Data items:
↓

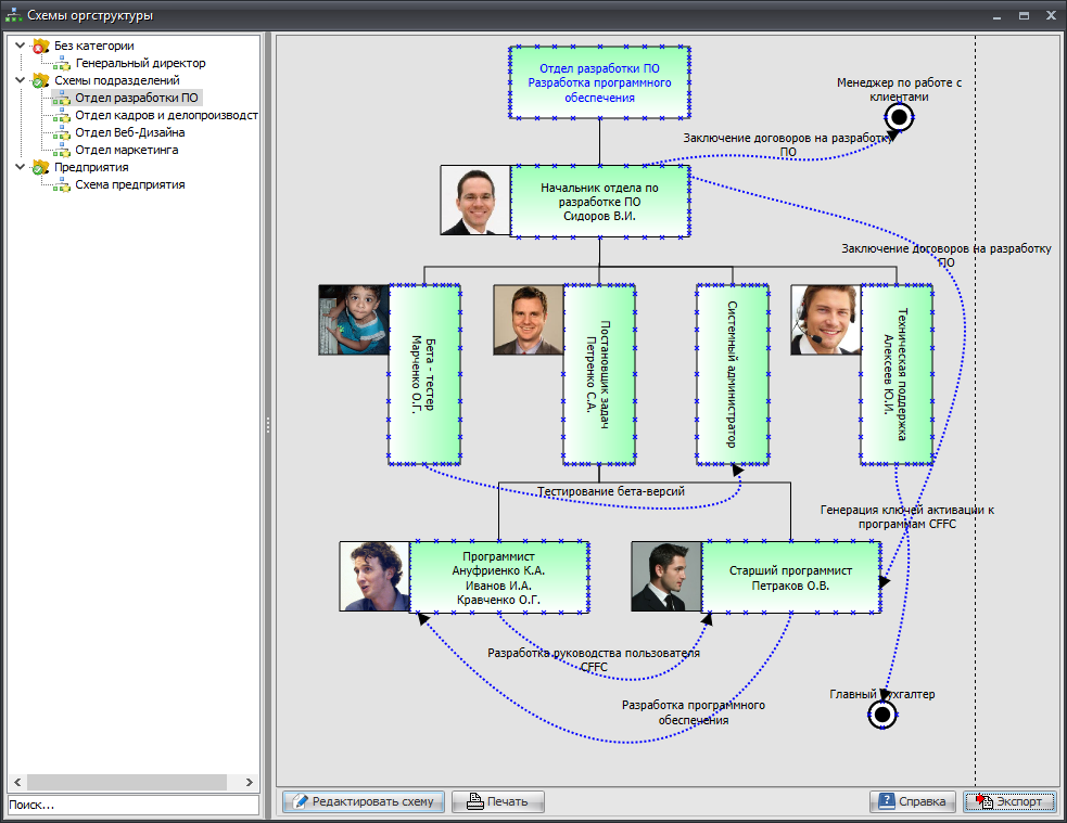 Но иногда возникает необходимость построить схему в полуавтоматическом режиме с возможностью ручного редактирования и отображения дополнительных связей. Для этого предназначен справочник «Схемы оргструктуры»
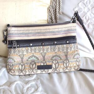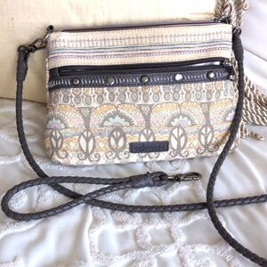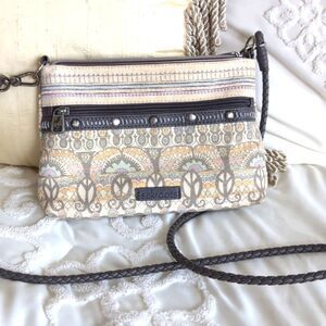 Sakroots Artists Circle Mini Campus One World Print Braided Straps Convertable Crossbody Shoulder Wristlet Clutch Bag
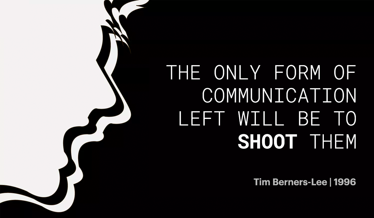 “In fact, there are two equally frightening prospects. On the one hand is the descent to the lowest common denominator, often represented by US fast food and cartoons, with the loss of all that is rich and diverse. On the other, is an extreme of diversity. When anyone can filter mail so that they can read only messages from people who think the same weird things as themselves, and when what they read on the Web they only find by following links from sites of the same strange cult, will they be able to dig themselves into a cultural pothole so deep and so steep that when eventually they physically meet a real person on the street, the lack of common understanding will be total, and the only form of communication left will be to shoot them?” [Berners-Lee, 1996]
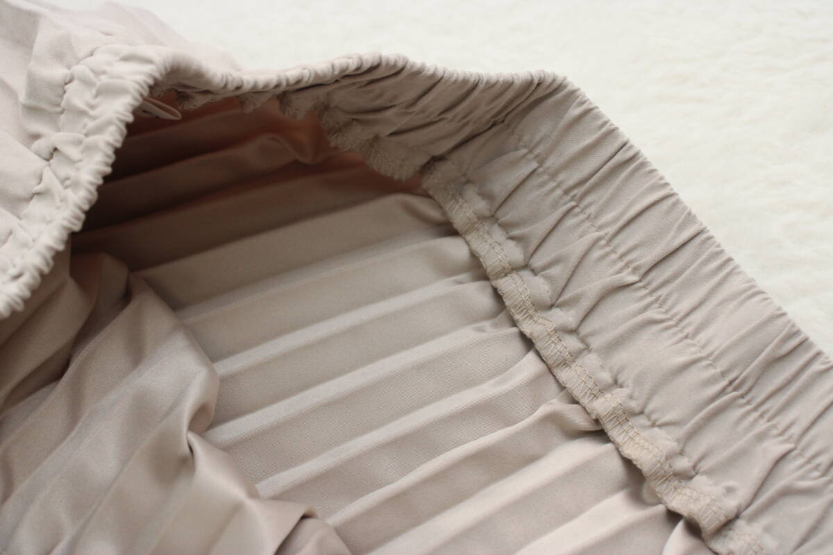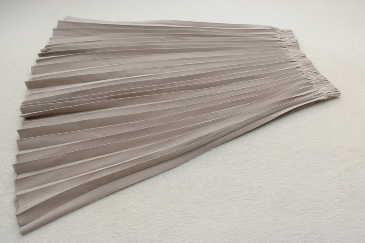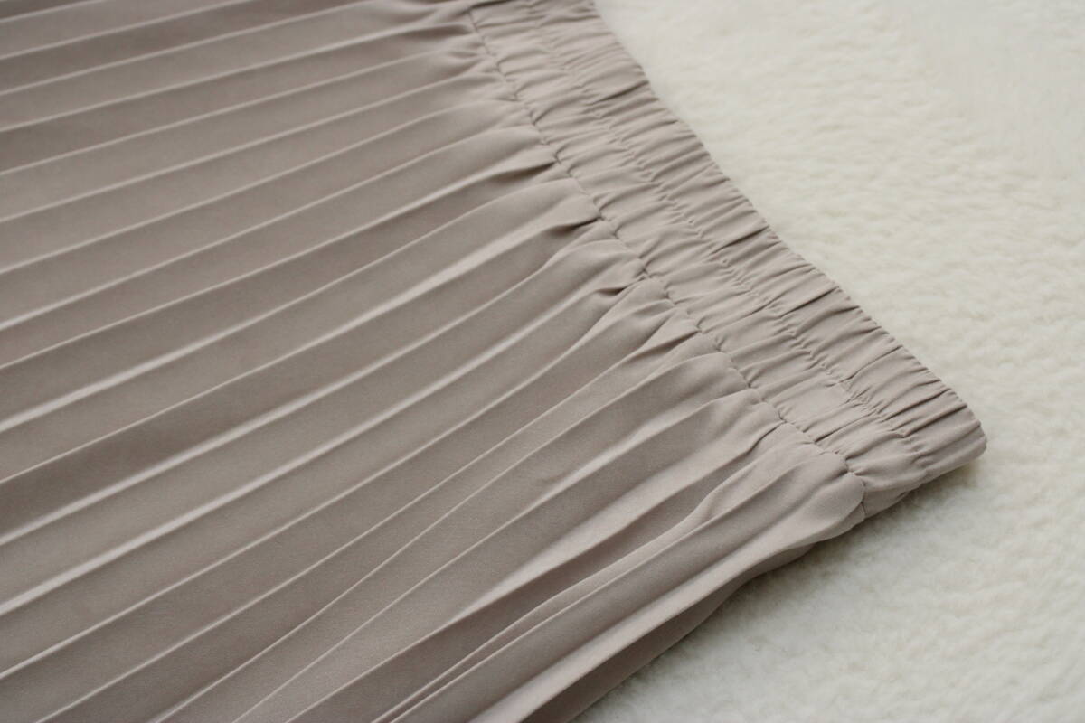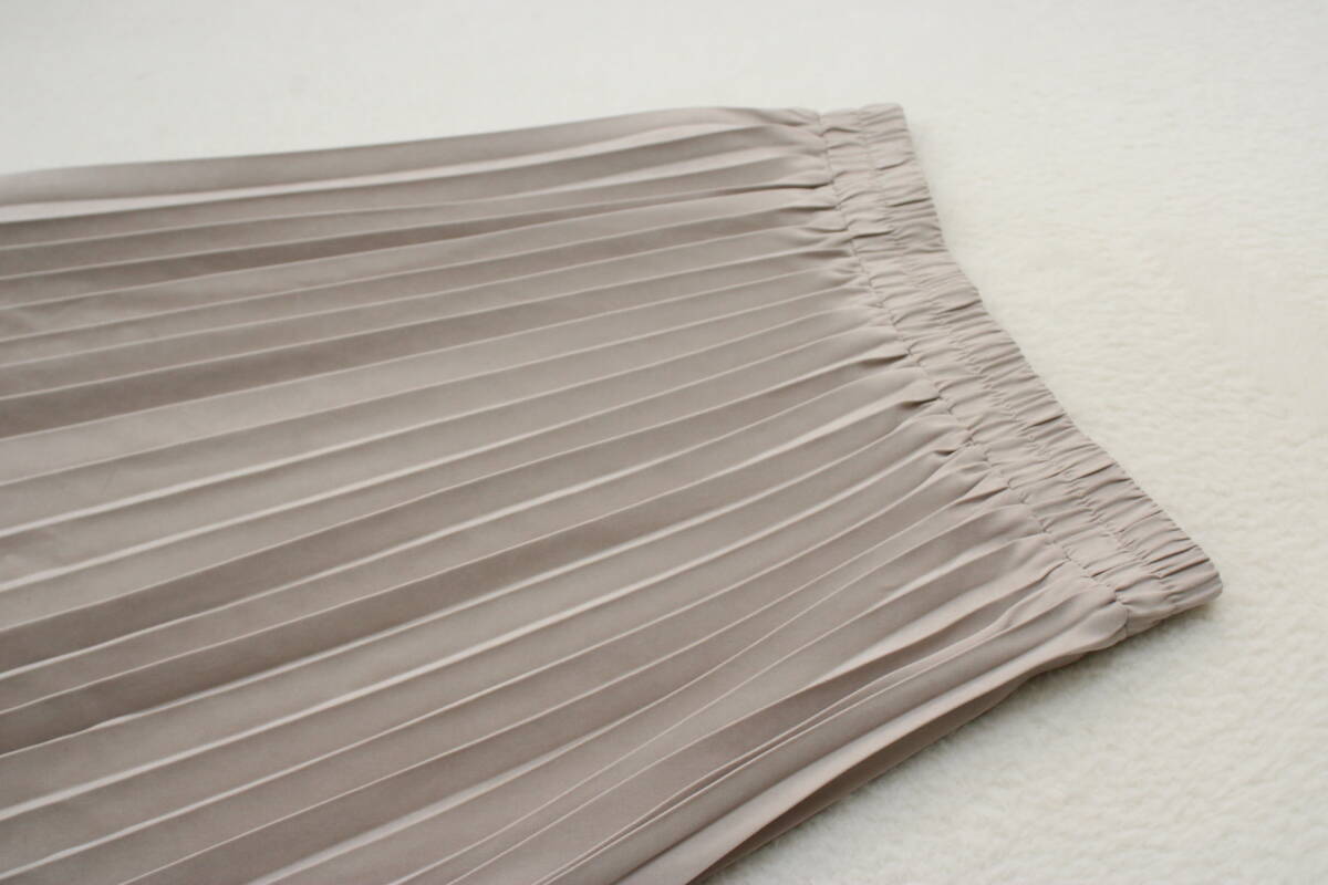 6637 新品 ウエストゴムピーチスキンプリーツスカート ベージュFサイズ
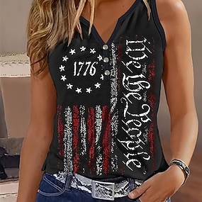 Itsenäisyyspäivä Amerikan vuosipäivä Patriottinen naisten toppiolkaimet lippu päivittäin tyylikäs hihaton lovikaulu säännöllisetpaidat päivittäin lomapäivä napit printti musta kesä
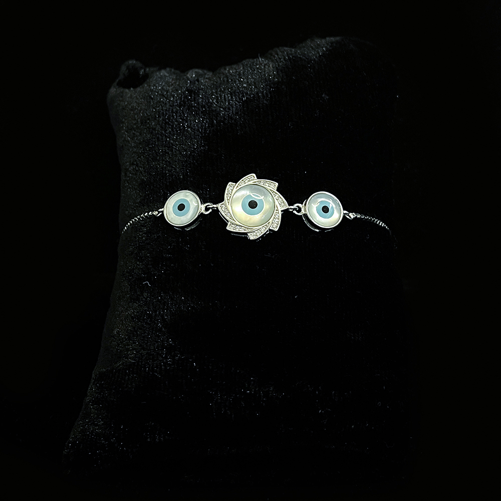 This flexi bracelet features a round floral evil eye centerpiece crafted in 925 sterling silver. The design blends symbolic protection with a composed floral form, creating a refined accessory for daily wear and meaningful occasions. Its flexible structure supports comfortable movement while maintaining visual balance. Finished with care for long term use. Packed and quality checked by Indianshelf.
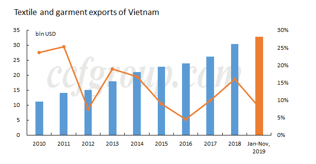 En 2019, Vietnam exportó 32.850 millones de dólares en textiles y prendas de vestir, un aumento interanual del 8%. Las importaciones de algodón totalizaron 1.451 millones de toneladas, una caída del 7,4% interanual, y las importaciones de tejidos fueron de 13.270 millones de dólares, un aumento interanual del 3,9%. Durante todo el año, la estructura de las importaciones de algodón ha cambiado en comparación con 2018. La proporción de importaciones de algodón brasileño ascendió al segundo lugar.

↑

Task details: Write out all the entries exactly, except for the pictures.

Solution to the exercise:
 Но иногда возникает необходимость построить схему в полуавтоматическом режиме с возможностью ручного редактирования и отображения дополнительных связей. Для этого предназначен справочник «Схемы оргструктуры»
 Sakroots Artists Circle Mini Campus One World Print Braided Straps Convertable Crossbody Shoulder Wristlet Clutch Bag
 “In fact, there are two equally frightening prospects. On the one hand is the descent to the lowest common denominator, often represented by US fast food and cartoons, with the loss of all that is rich and diverse. On the other, is an extreme of diversity. When anyone can filter mail so that they can read only messages from people who think the same weird things as themselves, and when what they read on the Web they only find by following links from sites of the same strange cult, will they be able to dig themselves into a cultural pothole so deep and so steep that when eventually they physically meet a real person on the street, the lack of common understanding will be total, and the only form of communication left will be to shoot them?” [Berners-Lee, 1996]
 6637 新品 ウエストゴムピーチスキンプリーツスカート ベージュFサイズ
 Itsenäisyyspäivä Amerikan vuosipäivä Patriottinen naisten toppiolkaimet lippu päivittäin tyylikäs hihaton lovikaulu säännöllisetpaidat päivittäin lomapäivä napit printti musta kesä
 This flexi bracelet features a round floral evil eye centerpiece crafted in 925 sterling silver. The design blends symbolic protection with a composed floral form, creating a refined accessory for daily wear and meaningful occasions. Its flexible structure supports comfortable movement while maintaining visual balance. Finished with care for long term use. Packed and quality checked by Indianshelf.
 En 2019, Vietnam exportó 32.850 millones de dólares en textiles y prendas de vestir, un aumento interanual del 8%. Las importaciones de algodón totalizaron 1.451 millones de toneladas, una caída del 7,4% interanual, y las importaciones de tejidos fueron de 13.270 millones de dólares, un aumento interanual del 3,9%. Durante todo el año, la estructura de las importaciones de algodón ha cambiado en comparación con 2018. La proporción de importaciones de algodón brasileño ascendió al segundo lugar.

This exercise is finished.